SUMMARY OF THE INVENTION
[0010] To improve upon the advantages and benefits of laparoscopic
imaging of an anatomical region during a minimally invasive
procedure, the present disclosure provides systems, workstations,
controllers and methods to integrate an endoscopic image of an
anatomical region with laparoscopic ultrasound (LUS) image(s) of
the anatomical region and to display the integrated information
during an operator scanning of the anatomical region or at any
other time during the procedure. The systems, workstations,
controllers and methods of the present disclosure implement
imaged-based fusion of endoscopic image and ultrasound image(s),
which eliminates a need for additional tracking devices (e.g.,
optical tracking and/or electromagnetic tracking). The imaged-based
fusion of the present disclosure will enable more intuitive use of
LUS probes and will enable better targeting during the procedure
(e.g., cardiac surgery, laparoscopic surgery, natural orifice
transluminal surgery, single incision laparoscopic surgery,
pulmonary/bronchoscopy surgery and diagnostic interventions).

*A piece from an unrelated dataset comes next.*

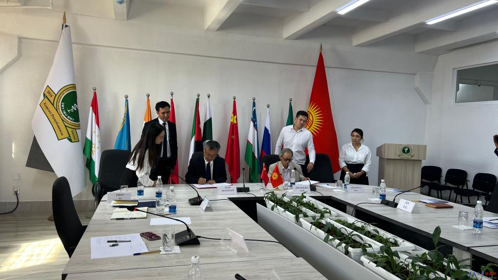 在访问吉尔吉斯斯坦国际医科大学期间,代表团一行参观了该校教学设施和附属医院。肖江南与吉尔吉斯斯坦国际医科大学校长辛·伊利西签署“一带一路”国际远程医学框架合作协议,探索开展跨国远程手术、远程影像诊断及远程会诊等活动。吉尔吉斯斯坦国家科学院副院长朱马利耶夫院士、吉尔吉斯斯坦欧亚国际大学校长阿曼诺娃·罗莎、吉尔吉斯斯坦国际医科大学校长辛·伊利西等与代表团进行座谈交流。双方一致同意,在前期合作基础上,与国际医科大学继续推进医学领域合作,加强硕博士生联合培养,推动医教研协同发展,加大“医学与计算机”“医学与远程技术”等医工深度融合。与欧亚国际大学继续推进文化艺术领域合作,开展音乐、美术、设计、服装等领域师生交流和科研合作。

[0011] One form of inventions of the present disclosure is an image
fusion workstation for an image-based fusion of an endoscopic image
of an anatomical region generated by an endoscope (e.g., an
endoscopic view of an anatomical organ within the anatomical
region) and an ultrasound image of the anatomical region generated
by a laparoscopic ultrasound probe (e.g., an ultrasound view of the
anatomical organ within the anatomical region). The image fusion
workstation employs an image fusion controller controlling the
fusion between the endoscopic image and the ultrasound image based
on an image transformation between an endoscopic image space of the
endoscope and an ultrasound image space of the laparoscopic
ultrasound probe derived from a detection by the image fusion
controller of the laparoscopic ultrasound probe within a
field-of-view of the endoscope. The workstation further employs a
display controller controlling a display of the fusion by the image
fusion controller of the endoscopic image and the ultrasound image
(e.g., a registered overlay of the ultrasound image on the
endoscopic image, or a registered window display of the ultrasound
sound image relative to a display of the endoscopic image).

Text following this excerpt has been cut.